What is needed is an exact copy of the lines from the start of the records below through the line with "My first stop", without the pictures.

DATA:
···

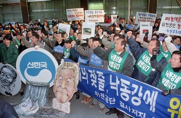 1996년 부산지역 환경단체들이 대구 위천공단 저지를 외치며 시위하는 모습. 부산일보DB지난 30년간 낙동강은 각종 유해물질 오염 사고로 수난을 겪었다. 1991년 3월 발생한 페놀 사태가 대표적이다. 구미공업단지 내 두산전자의 페놀 연결관이 파열되면서 3월 14일(30t), 4월 22일(1.3t) 등 두 차례 발암물질 페놀이 낙동강으로 흘러들었다. 낙동강물을 식수원으로 하는 대구와 부산 등지 수돗물에서 페놀이 검출되면서 급기야 취수가 중단됐다.
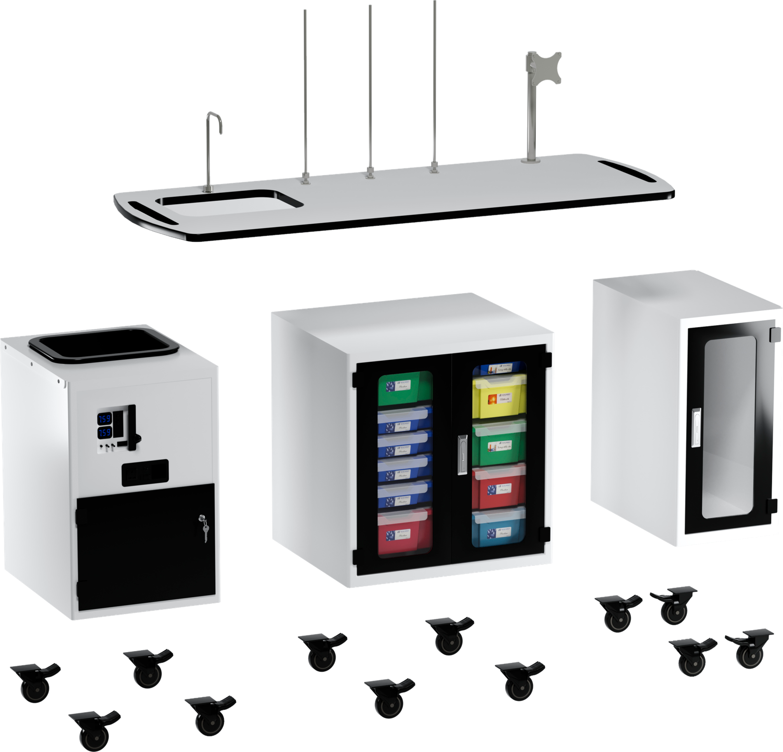Questo modulo rende il laboratorio scientifico mobile Sciencebus uno strumento all in one con il quale approcciare esperimenti tradizionali, sfruttando anche le potenzialità del digitale nella fase di acquisizione e condivisione dati. Il modulo laterale con ricarica tablet è dotato anch’esso di 4 ruote piroettanti con freno.
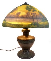17 - CLASSIQUE REVERSE PAINTED BRONZE TABLE LAMP Classique 8317 Art Nouveau style lamp. Shade is a beautiful reverse hand painted landscape scene. The shade has a canvas textured exterior surface giving the painting a much softer look. The textured bronze lamp base has a hammered look finish and also features a intertwined motif band to center and lower rim. Made in Chicago, Illinois, circa 1910. Signed on the inner rim of the lamp shade "Classique 8317" . Measures 21 3/4" (55.2cm) height by 18" (45.7cm) diameter of lamp shade.
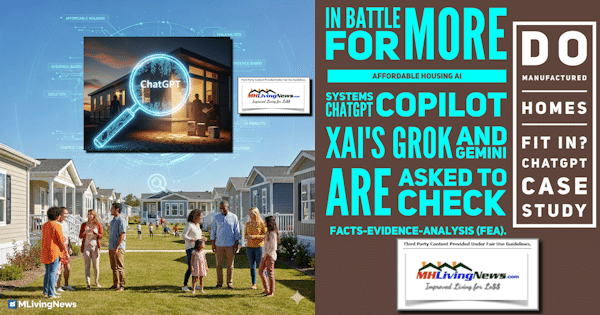 The manufactured housing industry’s role, potential, and performance in the battle for more affordable housing are explored in this exclusive report. A human expert on this topic ‘tests’ ChatGPT’s ‘understanding’ of the affordable housing crisis (see Part I). The questions are asked by MHLivingNews and the bulk of the Q&As (chat, discussion, input-inquiries, etc.) are by the AI systems as shown, most of which in what follows are focused on the popular AI answer/search platform ChatGPT. The inquiries and responses are all documented and confirmed by each AI for accuracy. So casual readers as well as researchers can transparently see the progression of the discussion and the results.
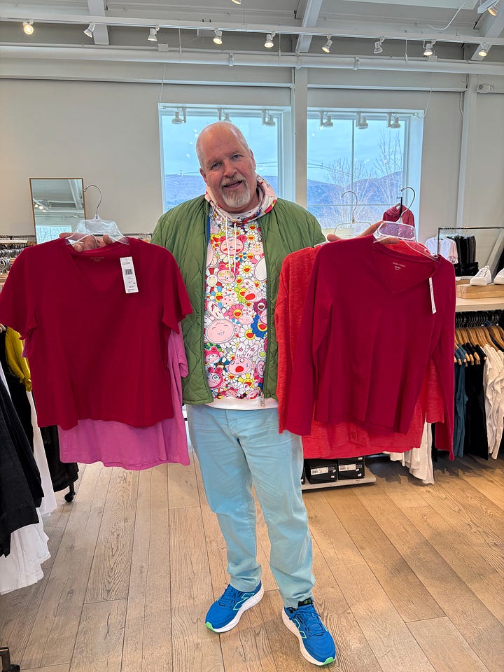 My first stop was an Eileen Fisher discount outlet in Manchester Vermont, where, in late March, I led a personal essay workshop at the Southern Vermont Writers’ Conference. (I’ll be back there next year. Stay tuned for details.) My friend Chris Wells was leading a workshop there, too, and his husband, painter Bobby Lucy, was along for the ride. They were only too happy to give me the Queer Eye treatment.
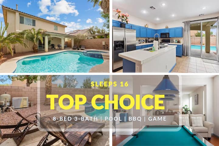 Las Vegas 4BR-8Camas 3Baños Piscina Barbacoa Juego
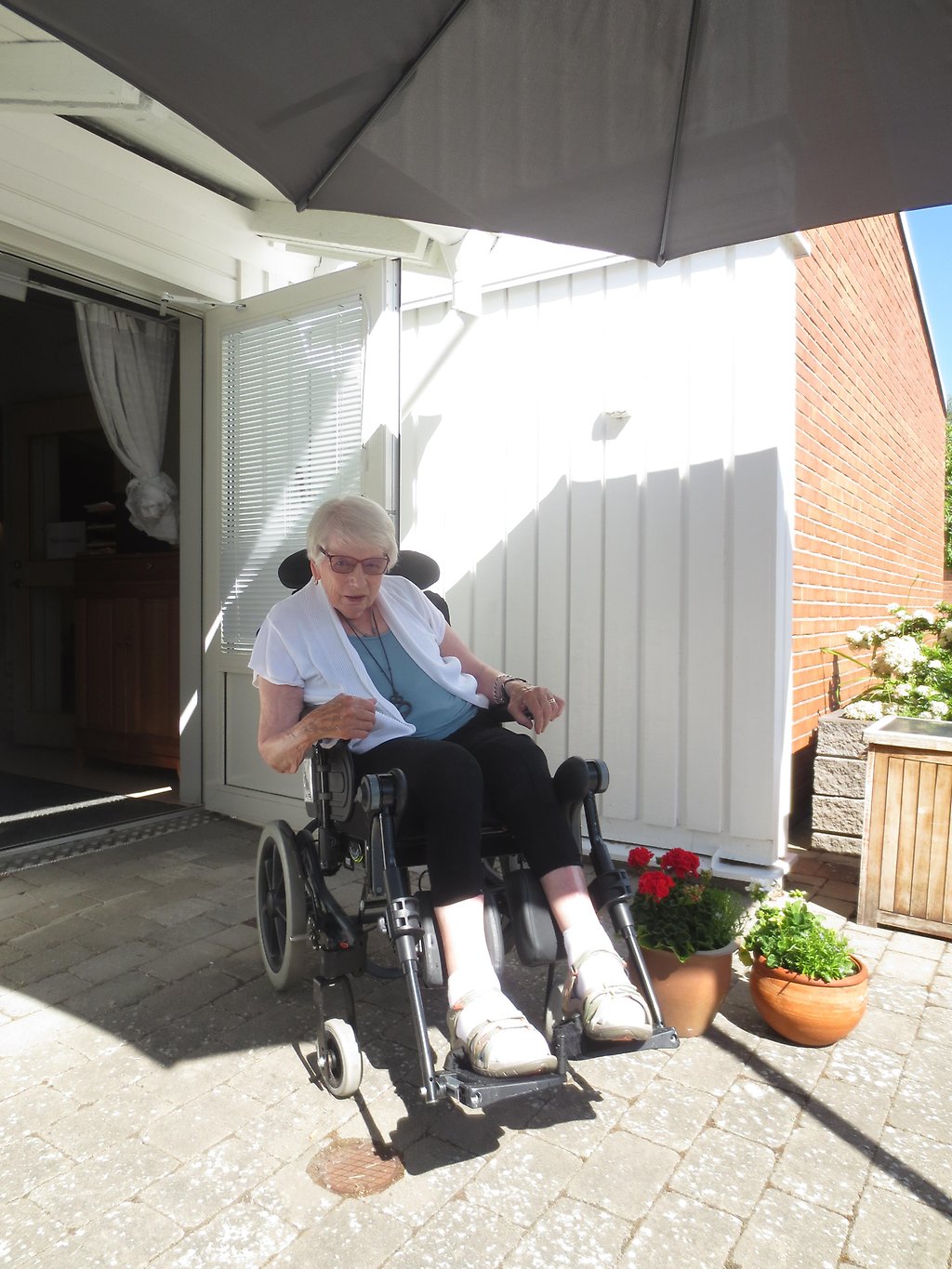 Vi på Helenagården och Korttiden är så glada och tacksamma för de nya parasoller vi fått till sommaren med stöd från Kinne-Vedums rödakorskrets.
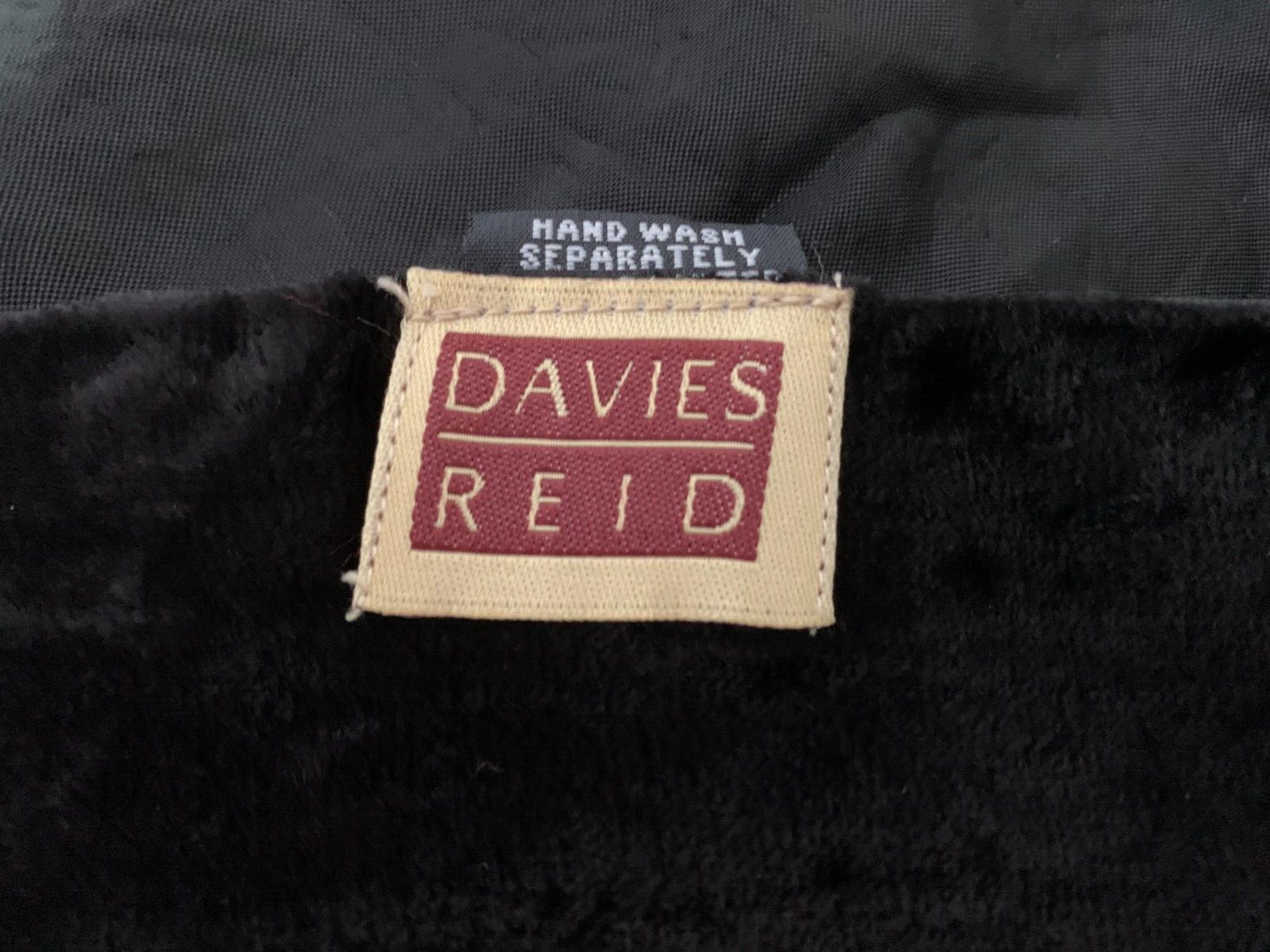 Vintage DAVIES REID Scarf Black Gold Velvet Silk Backed Rectangle Size 16 x 56
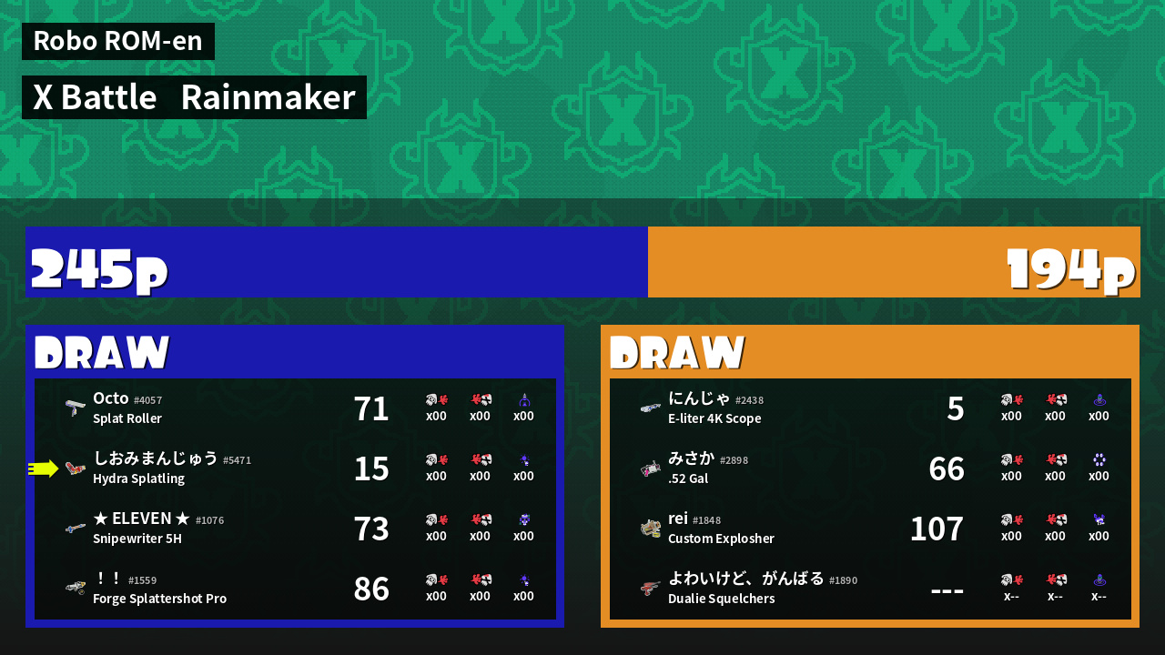 | Weapon | Hydra Splatling ( Autobomb / Booyah Bomb) | ||
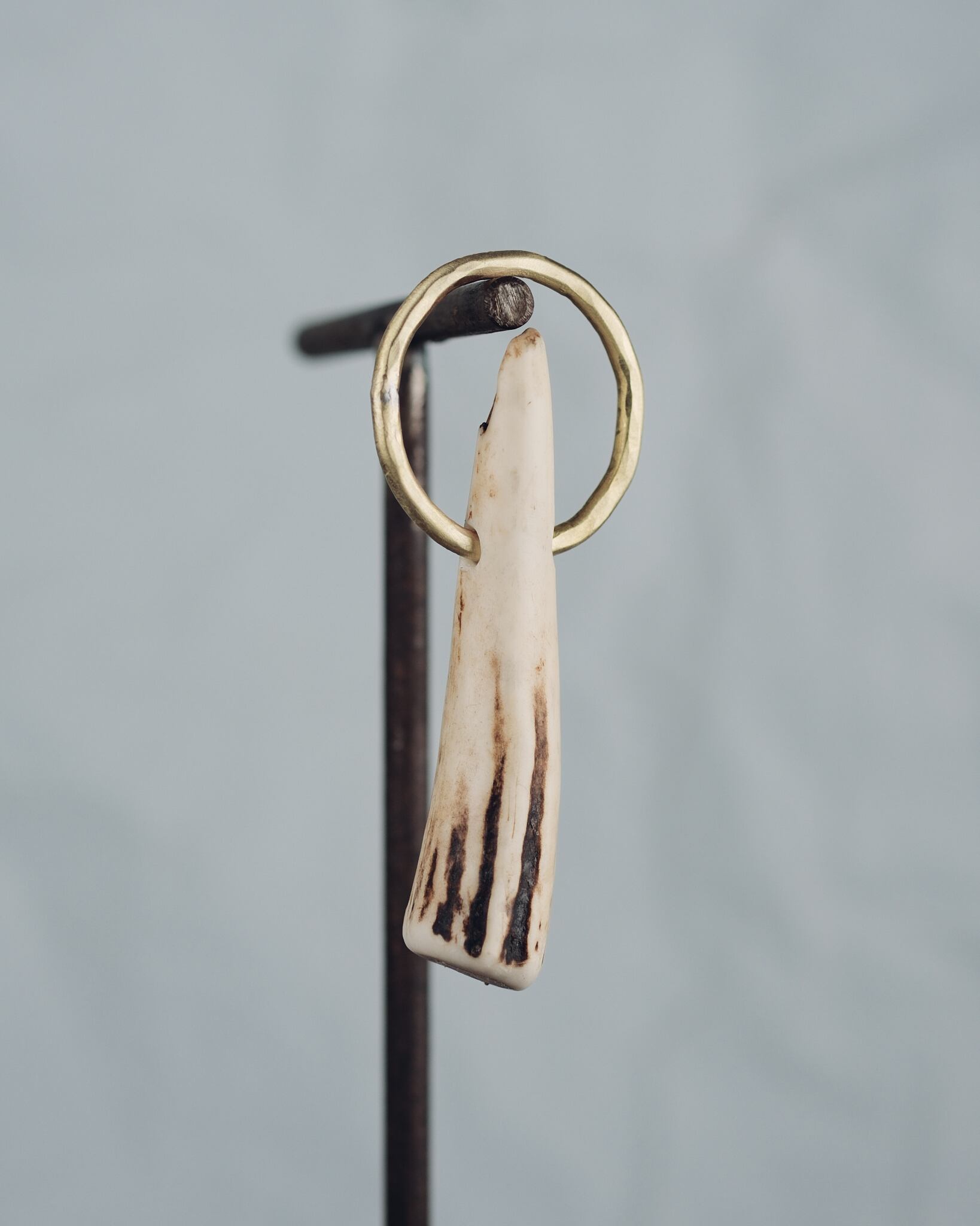 無骨ながらも暖かみのある deer whistles はひとつひとつ形や音に個性があり、機能を持ったお守りとして作られました。素材は北海道のエゾ鹿の角で出来ています。気持ちよくシェイプされているので口に当てた時に不思議としっくりきます。真鍮無垢の金具も職人の手仕事によるもの。
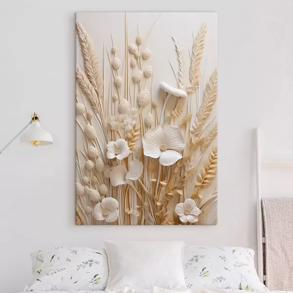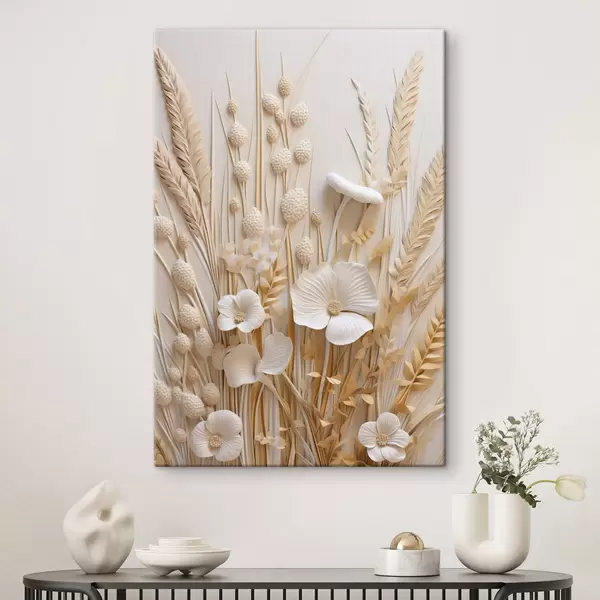 Obraz Kytica krémových makov so sušenými steblami pšenice Nr. s48748
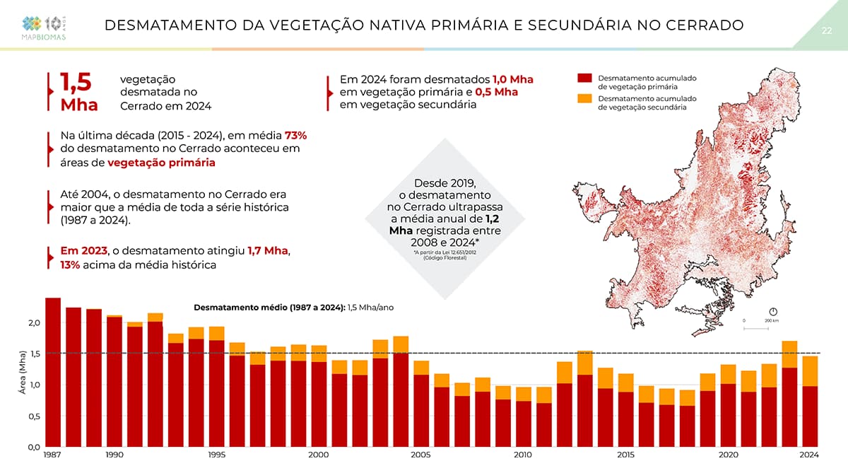 De acordo com o Ministério da Ciência, Tecnologia e Inovação, entre agosto de 2024 e julho de 2025, o Cerrado registrou uma queda de 20,8% da área sob alerta de desmatamento, mas 5.555 km² de área do bioma ainda permaneceu sob alerta, entre agosto de 2024 e julho de 2025.

···

ANSWER BOX:
 1996년 부산지역 환경단체들이 대구 위천공단 저지를 외치며 시위하는 모습. 부산일보DB지난 30년간 낙동강은 각종 유해물질 오염 사고로 수난을 겪었다. 1991년 3월 발생한 페놀 사태가 대표적이다. 구미공업단지 내 두산전자의 페놀 연결관이 파열되면서 3월 14일(30t), 4월 22일(1.3t) 등 두 차례 발암물질 페놀이 낙동강으로 흘러들었다. 낙동강물을 식수원으로 하는 대구와 부산 등지 수돗물에서 페놀이 검출되면서 급기야 취수가 중단됐다.
Questo modulo rende il laboratorio scientifico mobile Sciencebus uno strumento all in one con il quale approcciare esperimenti tradizionali, sfruttando anche le potenzialità del digitale nella fase di acquisizione e condivisione dati. Il modulo laterale con ricarica tablet è dotato anch’esso di 4 ruote piroettanti con freno.
17 - CLASSIQUE REVERSE PAINTED BRONZE TABLE LAMP Classique 8317 Art Nouveau style lamp. Shade is a beautiful reverse hand painted landscape scene. The shade has a canvas textured exterior surface giving the painting a much softer look. The textured bronze lamp base has a hammered look finish and also features a intertwined motif band to center and lower rim. Made in Chicago, Illinois, circa 1910. Signed on the inner rim of the lamp shade "Classique 8317" . Measures 21 3/4" (55.2cm) height by 18" (45.7cm) diameter of lamp shade.
 The manufactured housing industry’s role, potential, and performance in the battle for more affordable housing are explored in this exclusive report. A human expert on this topic ‘tests’ ChatGPT’s ‘understanding’ of the affordable housing crisis (see Part I). The questions are asked by MHLivingNews and the bulk of the Q&As (chat, discussion, input-inquiries, etc.) are by the AI systems as shown, most of which in what follows are focused on the popular AI answer/search platform ChatGPT. The inquiries and responses are all documented and confirmed by each AI for accuracy. So casual readers as well as researchers can transparently see the progression of the discussion and the results.
 My first stop was an Eileen Fisher discount outlet in Manchester Vermont, where, in late March, I led a personal essay workshop at the Southern Vermont Writers’ Conference. (I’ll be back there next year. Stay tuned for details.) My friend Chris Wells was leading a workshop there, too, and his husband, painter Bobby Lucy, was along for the ride. They were only too happy to give me the Queer Eye treatment.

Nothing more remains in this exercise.